Task requirements
Transcribe all the data below exactly, leaving its pictures out.

Raw data
━━━━━━━━━━━━━━━━━━━━
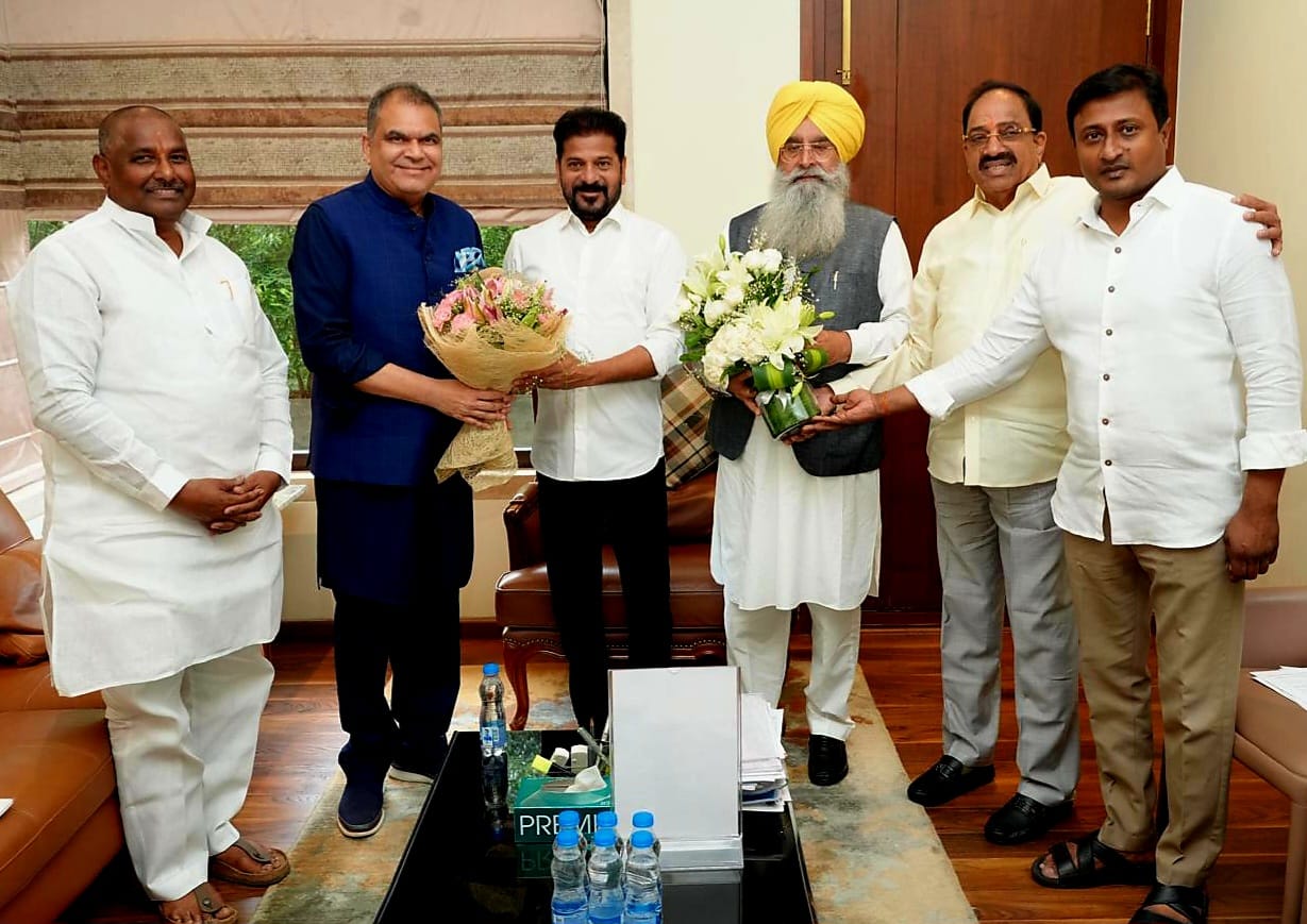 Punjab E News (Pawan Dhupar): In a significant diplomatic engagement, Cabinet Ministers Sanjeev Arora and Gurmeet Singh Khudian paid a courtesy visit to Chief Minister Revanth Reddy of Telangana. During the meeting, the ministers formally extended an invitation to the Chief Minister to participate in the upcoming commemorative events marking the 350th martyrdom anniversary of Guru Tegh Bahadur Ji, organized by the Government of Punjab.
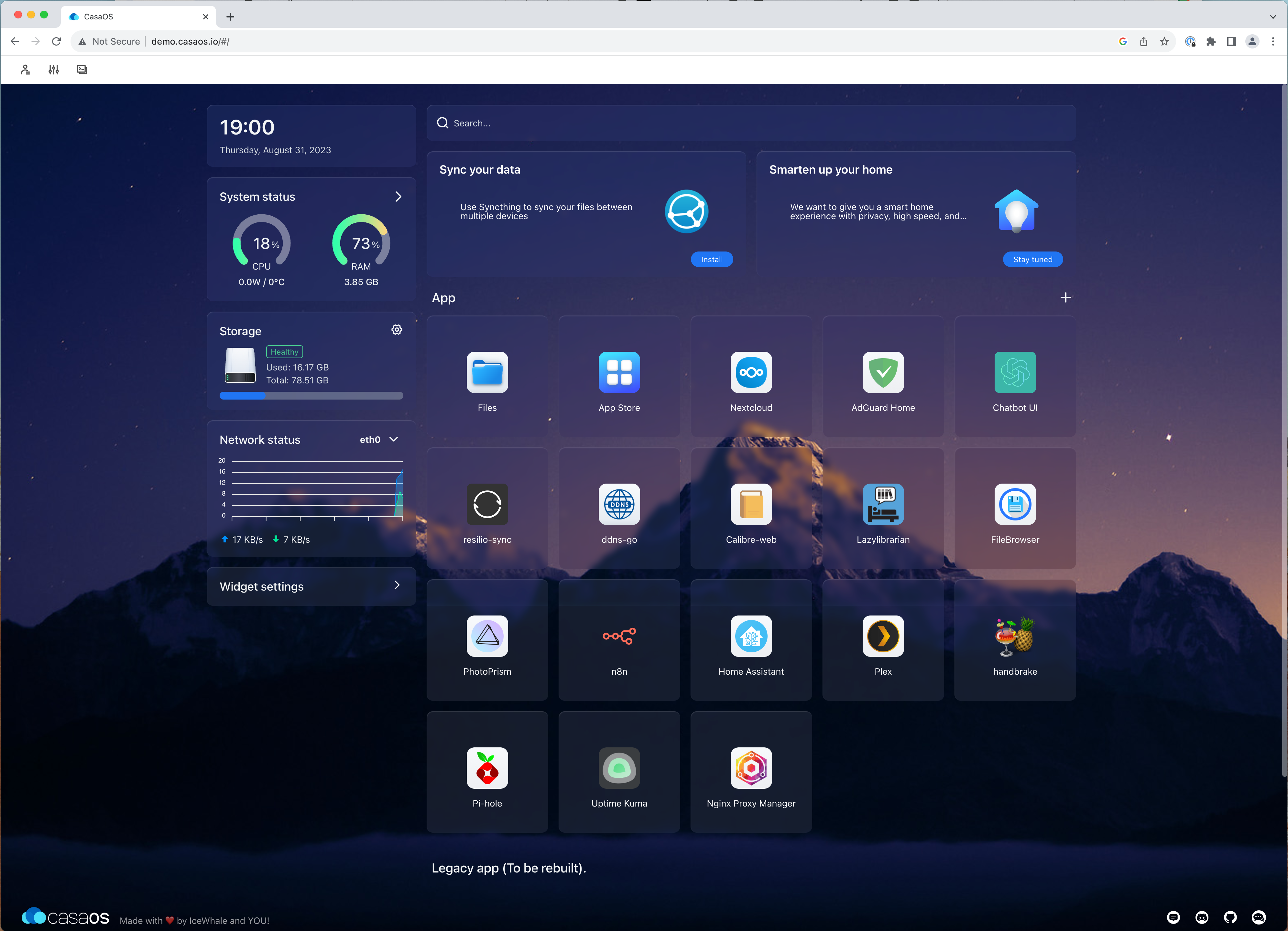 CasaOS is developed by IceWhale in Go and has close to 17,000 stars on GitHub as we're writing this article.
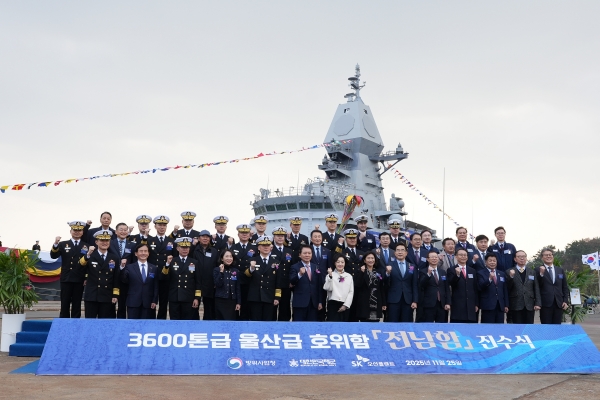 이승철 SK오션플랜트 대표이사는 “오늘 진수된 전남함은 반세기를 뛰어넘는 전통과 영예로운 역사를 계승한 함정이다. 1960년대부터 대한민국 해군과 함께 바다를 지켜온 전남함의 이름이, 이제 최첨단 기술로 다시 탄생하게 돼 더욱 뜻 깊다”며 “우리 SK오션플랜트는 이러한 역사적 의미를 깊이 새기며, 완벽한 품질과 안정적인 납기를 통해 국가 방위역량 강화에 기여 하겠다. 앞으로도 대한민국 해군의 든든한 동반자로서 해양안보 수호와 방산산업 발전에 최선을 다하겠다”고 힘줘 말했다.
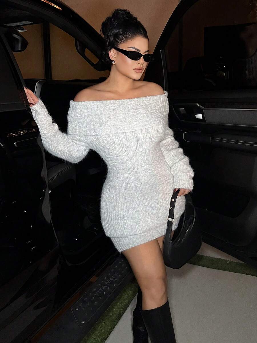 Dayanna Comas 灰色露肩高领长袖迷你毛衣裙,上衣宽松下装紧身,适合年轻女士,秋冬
━━━━━━━━━━━━━━━━━━━━
Completed task
 Punjab E News (Pawan Dhupar): In a significant diplomatic engagement, Cabinet Ministers Sanjeev Arora and Gurmeet Singh Khudian paid a courtesy visit to Chief Minister Revanth Reddy of Telangana. During the meeting, the ministers formally extended an invitation to the Chief Minister to participate in the upcoming commemorative events marking the 350th martyrdom anniversary of Guru Tegh Bahadur Ji, organized by the Government of Punjab.
 CasaOS is developed by IceWhale in Go and has close to 17,000 stars on GitHub as we're writing this article.
 이승철 SK오션플랜트 대표이사는 “오늘 진수된 전남함은 반세기를 뛰어넘는 전통과 영예로운 역사를 계승한 함정이다. 1960년대부터 대한민국 해군과 함께 바다를 지켜온 전남함의 이름이, 이제 최첨단 기술로 다시 탄생하게 돼 더욱 뜻 깊다”며 “우리 SK오션플랜트는 이러한 역사적 의미를 깊이 새기며, 완벽한 품질과 안정적인 납기를 통해 국가 방위역량 강화에 기여 하겠다. 앞으로도 대한민국 해군의 든든한 동반자로서 해양안보 수호와 방산산업 발전에 최선을 다하겠다”고 힘줘 말했다.
 Dayanna Comas 灰色露肩高领长袖迷你毛衣裙,上衣宽松下装紧身,适合年轻女士,秋冬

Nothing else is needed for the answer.